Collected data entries
+ + + + +

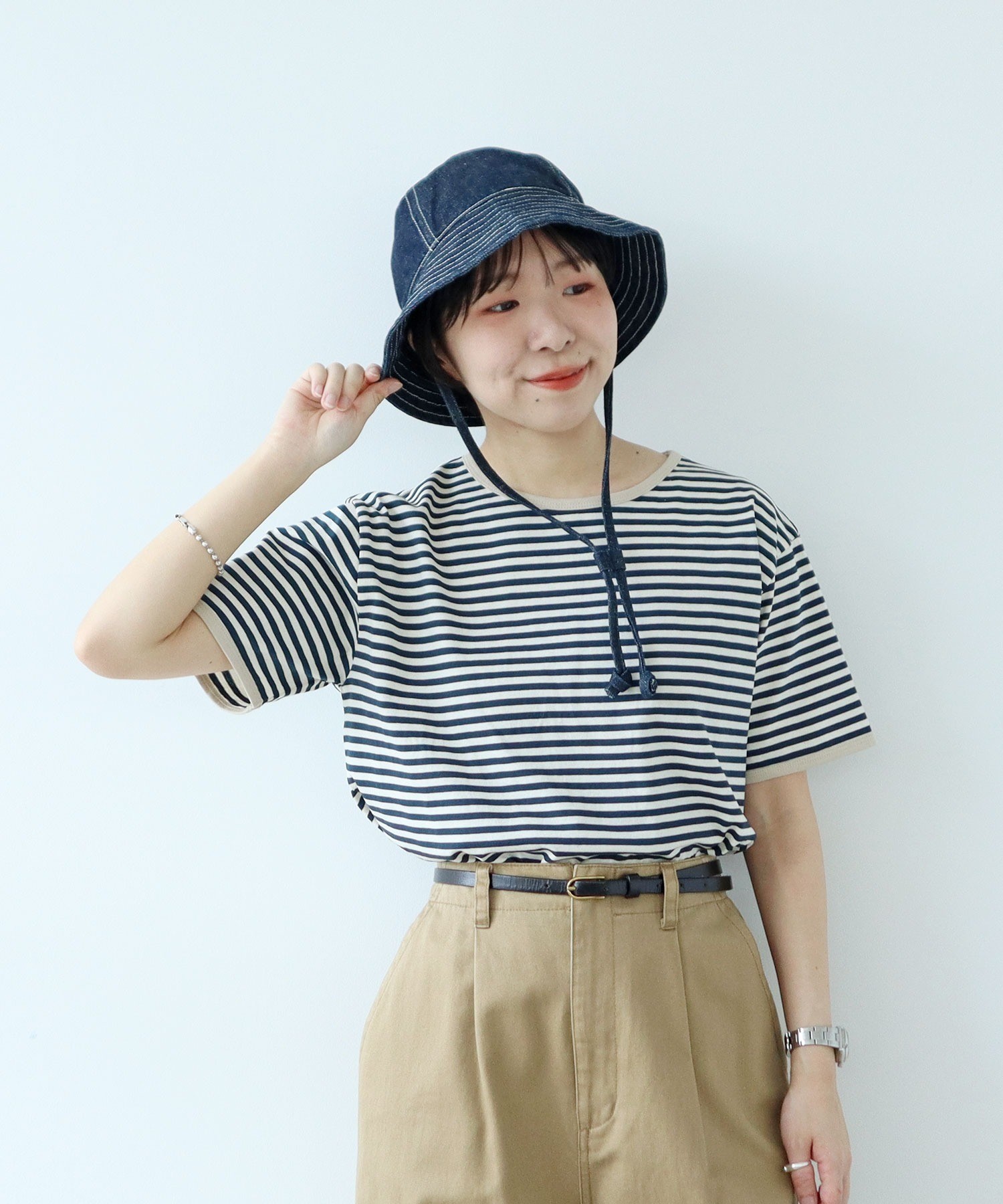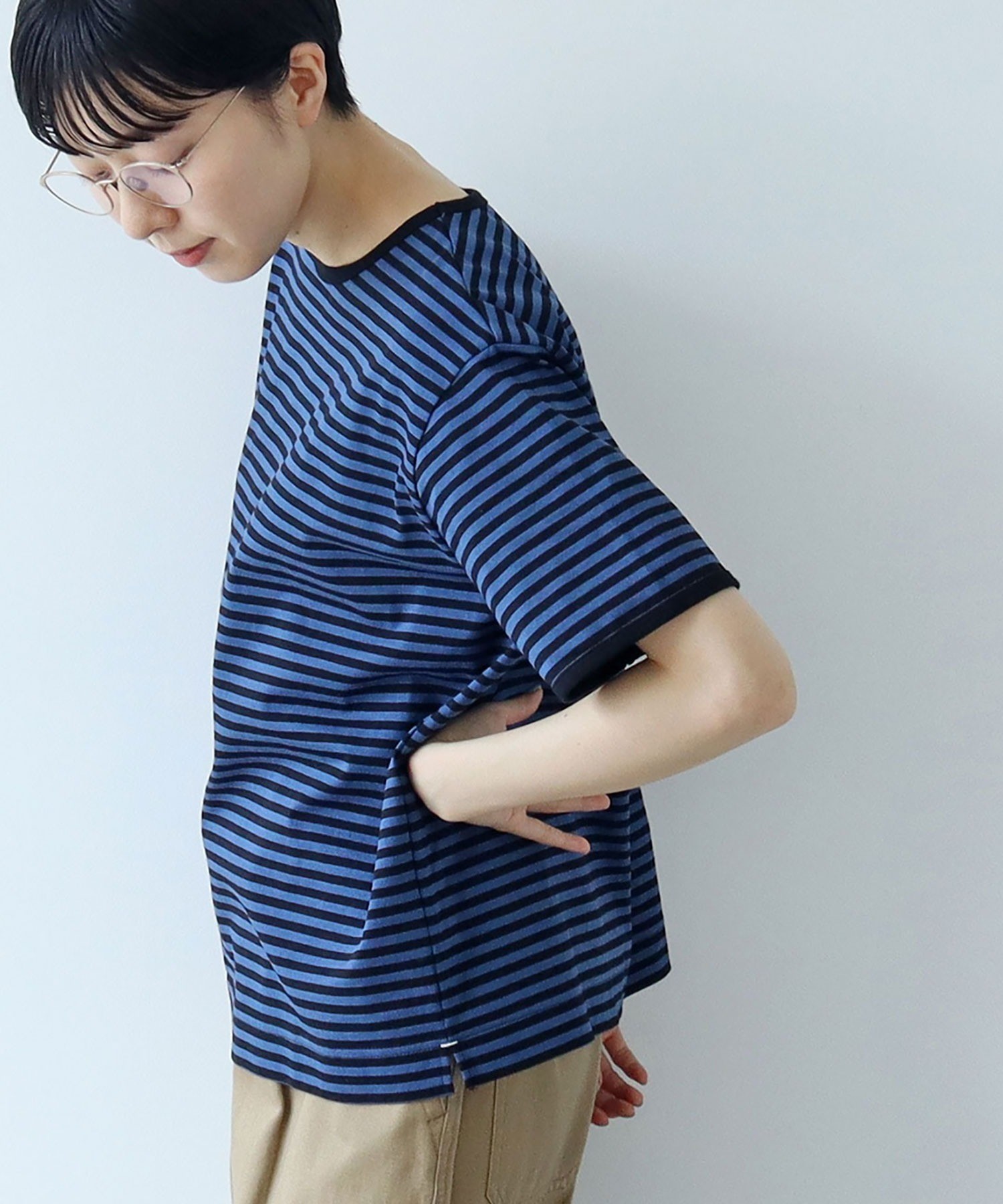マリンコーディネートには欠かせない定番のボーダーに、配色バインダーやスリット止まりのカンヌキなどちょっとしたエッセンスを加えたこだわりの一枚。デザイン性だけではなく、着用と洗濯を繰り返してもへたりにくいタフさが嬉しい、スタッフ人気も高いアイテムです。
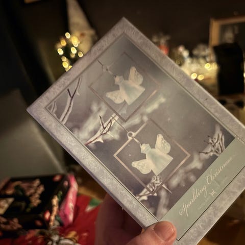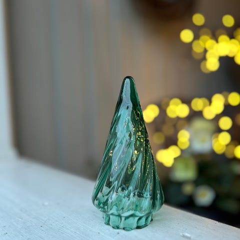 Julepost juleglede er håndlaget og har tradisjonelle juledekorasjoner i glass.
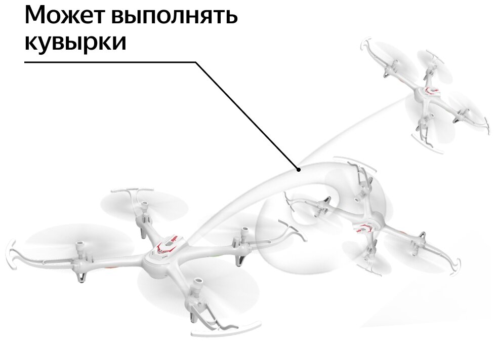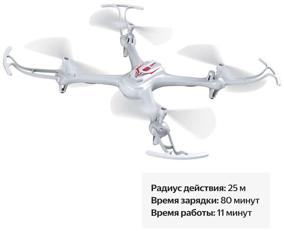 Беспилотный летательный детский аппарат, квадрокоптер SYMA . Особенности дрона: 4-моторная конструкция обеспечивает высокую скорость, хорошую маневренность и позволяет летать как внутри помещений, так и на улице. 6-осевая система стабилизации с встроенным гироскопом обеспечивает точное позиционирование во время полета. Модульная конструкция облегчает сборку, ремонт и техническое обслуживание. 3D режим позволяет делать перевороты на 360 градусов. Интуитивный режим Headless облегчает пилотирование. Встроенный бародатчик гарантирует удержание высоты полета. Автоматический взлет и посадка. Для тех кто научился основам управления квадрокоптера и хочет попробовать более сложные элементы полета, способен выполнять автоматические эффектные перевороты на 360° (флипы). Также имеется функция функция взлета и посадки при помощи одной клавиши. Как многие квадрокоптеры, Syma имеет режим headless. Время зарядки аккумулятора не более 80 минут. Время полета примерно 11 минут. Независимо от положения квадрокоптера в пространстве, относительно вас его положение в пространстве будет оставаться прежним. Простой и понятный пульт дистанционного управления с частотой 2.4GHz обеспечивает дальность полета до 25 метров.
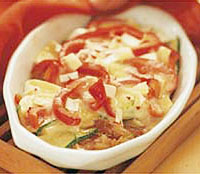 Hozzáadjuk a paradicsomkarikákat, a finomra vágott kakukkfüvet, 1 kávéskanál pirospaprikát, és 10 percig kislángon pároljuk, majd sütőtálba öntjük. Váltakozva rárakjuk a paprikát és a cukkinit, befedjük a sajtkockákkal, megszórjuk a maradék pirospaprikával, meglocsoljuk a maradék olajjal, és 10 percre forró sütőbe toljuk. Roston sült sertés-, marha- és szárnyashúsokhoz kínáljuk.
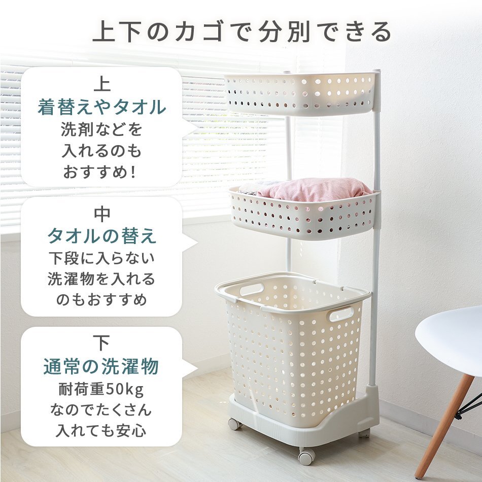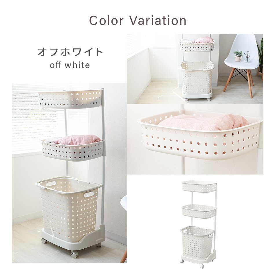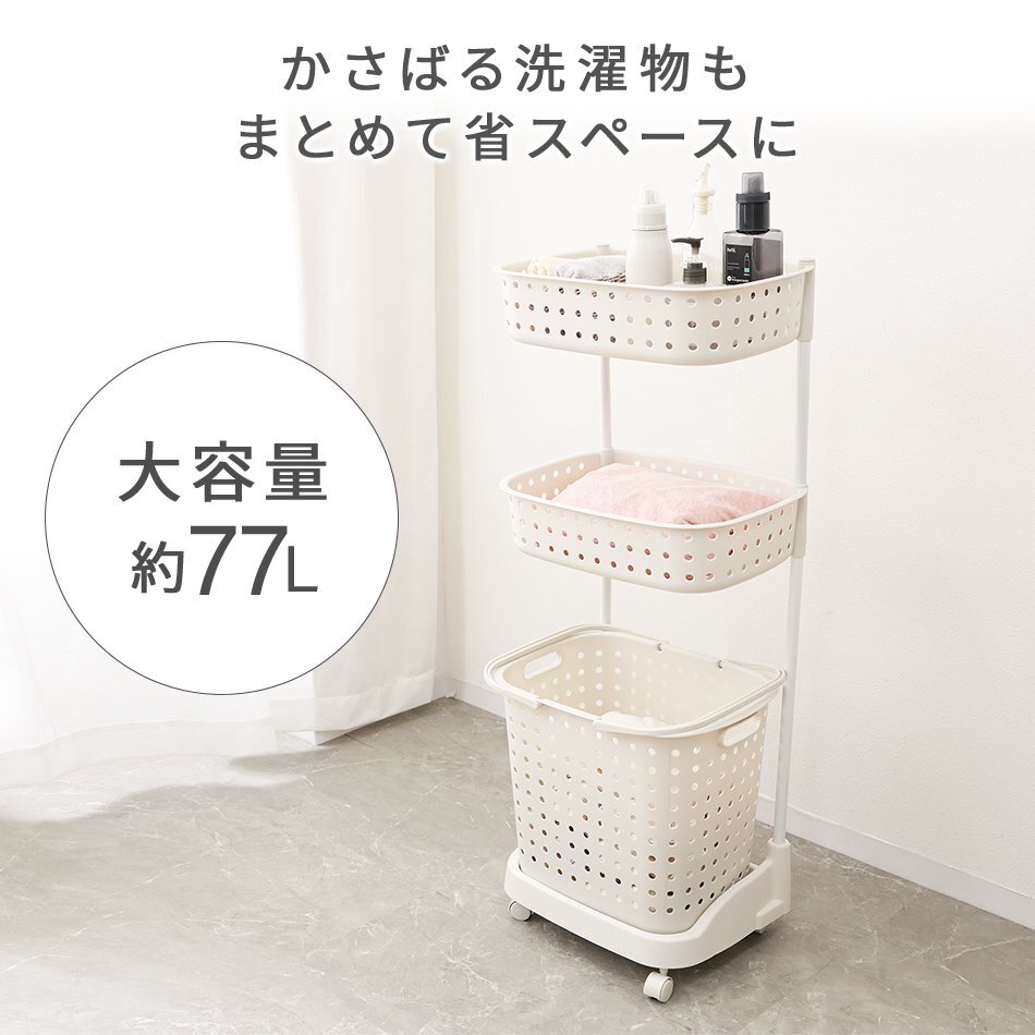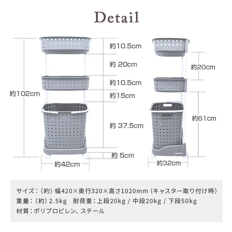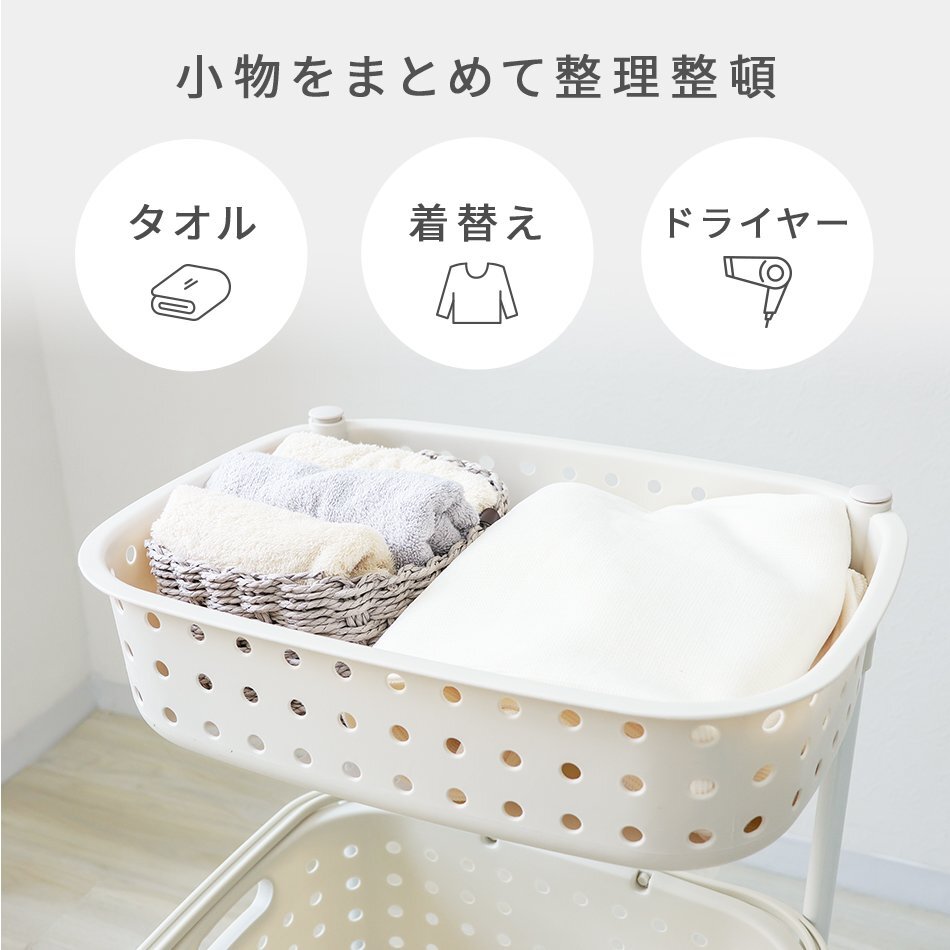 サニタリースペースをすっきり出来ます。 上段の浅バスケットにはバス用品、洗濯機まわりの小物が収納できます。 入浴時の着替えや脱衣カゴとしても重宝します。 下段のバスケットは大容量の深型タイプ!洗濯物干し場までの移動に便利なハンドル付き。 移動に便利なキャスター付きです。 【商品仕様】 カラー:オフホワイト サイズ(約):幅420×奥行320×高さ1020mm(キャスター取り付け時) 重量(約):2.5kg 容量(約):77L 材質:ポリプロピレン、スチール 組立式 |

+ + + + +

■ Problem to solve:
Write out exactly the opening lines of the data, stopping after the line that holds "Julepost juleglede er". Exclude pictures.

■ Task response:
マリンコーディネートには欠かせない定番のボーダーに、配色バインダーやスリット止まりのカンヌキなどちょっとしたエッセンスを加えたこだわりの一枚。デザイン性だけではなく、着用と洗濯を繰り返してもへたりにくいタフさが嬉しい、スタッフ人気も高いアイテムです。
 Julepost juleglede er håndlaget og har tradisjonelle juledekorasjoner i glass.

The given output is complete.